Et quel état européen ne connait pas d’affaires de corruption et de détournements d’argent ? En premier lieu le Luxembourg de Junker. Bref, l’hôpital se fout de la charité et les médias emboitent le pas… En réalité, ce que l’Eurogroupe tente de sauver en Grèce, ce n’est bien sûr par le peuple grec, mais bien les banques grecques, pour qu’elles continuent à rembourser les fameuses dettes.

« En Grèce, l’endettement s’est envolé avec la crise de 2008, pour les mêmes raisons que dans tous les autres pays : parce qu’il a fallu sauver les banquiers de leurs propres agissements.

Même si la Grèce était l’un des États les plus fragiles de la zone euro, les banques se sont jetées sur les obligations d’État grecques. Mais plus elles doutaient de sa solvabilité, plus elles lui imposaient des taux d’intérêt usuraires, faisant plonger le pays dans la spirale infernale de l’endettement.

C’est un piège bien connu des ménages surendettés ou des collectivités saignées par des prêts toxiques. Au départ, on s’endette pour une petite somme. Comme elle s’avère impossible à payer dans les temps, on réemprunte pour la rembourser à des taux d’intérêt plus élevés et on se retrouve pris dans une spirale infernale où, pour avoir emprunté 10, il faut rembourser 50 ou 100. Les dirigeants européens rejettent l’échec des négociations sur Tsipras. Michel Sapin, le ministre de l’Économie s’en est pris à la Grèce « qui voudrait de l’argent sans s’engager à réformer » !

Mais combien de plans d’austérité les Grecs ont-ils subis pour que le pays, ruiné par les financiers, soit mis sous perfusion de l’Europe ? Combien de licenciements et de souffrances les travailleurs ont-ils endurés pour payer leur dîme aux financiers ?
Et comme si, dans ces négociations, Tsipras n’avait pas fait son lot de concessions ! Contre ses engagements électoraux, Tsipras avait concédé de nouvelles privatisations, des reculs des droits à la retraite et l’augmentation de la TVA. Quelles concessions ont fait les créanciers ? Aucune. Ceux-ci expliquent avoir fait une « une offre exceptionnellement généreuse de 15 milliards ». Mais ces 15 milliards seront immédiatement engloutis dans les remboursements, avec intérêts, des prêts du FMI puis de la BCE. La Grèce n’en verra pas un seul euro, mais le jeu d’écriture alourdira la dette grecque de 15 milliards. Et ils appellent ça « aider la Grèce ».

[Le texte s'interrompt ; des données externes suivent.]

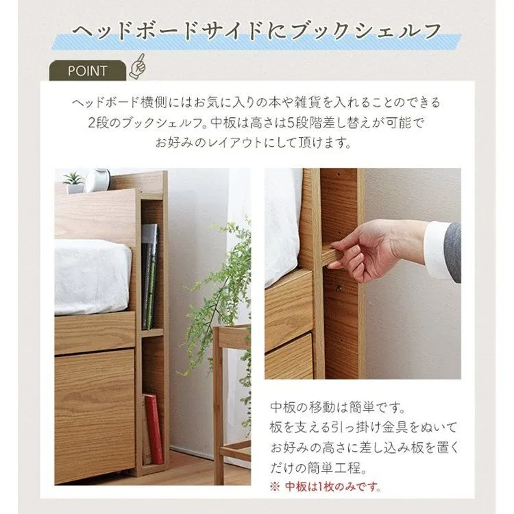◆ベッドフレーム ・要組立 ・床下収納 ・4杯引出し収納 ・2口コンセント(ホコリ防止機能付き) ・ブックシェルフ(5段階可動式)

Quant à la façon dont tous les grands démocrates ont assimilé le recours au referendum à un coup de force, elle est édifiante. Dès que le vote permet à la population de s’exprimer sur ce qui l’intéresse concrètement au premier chef, ces Messieurs crient à la provocation. Ce serait pourtant cela la vraie démocratie, et pas ce cirque électoral auquel on nous invite régulièrement et qui consiste à voter pour des gens qui marcheront sur leurs promesses aussitôt élus.

La Grèce n’est pas poussée à la faillite pour 1,6 milliard, ni même pour 5 ou 10. Jamais la Grèce ne pourra payer sa dette, tous les créanciers le savent, mais c’est pour eux une question politique.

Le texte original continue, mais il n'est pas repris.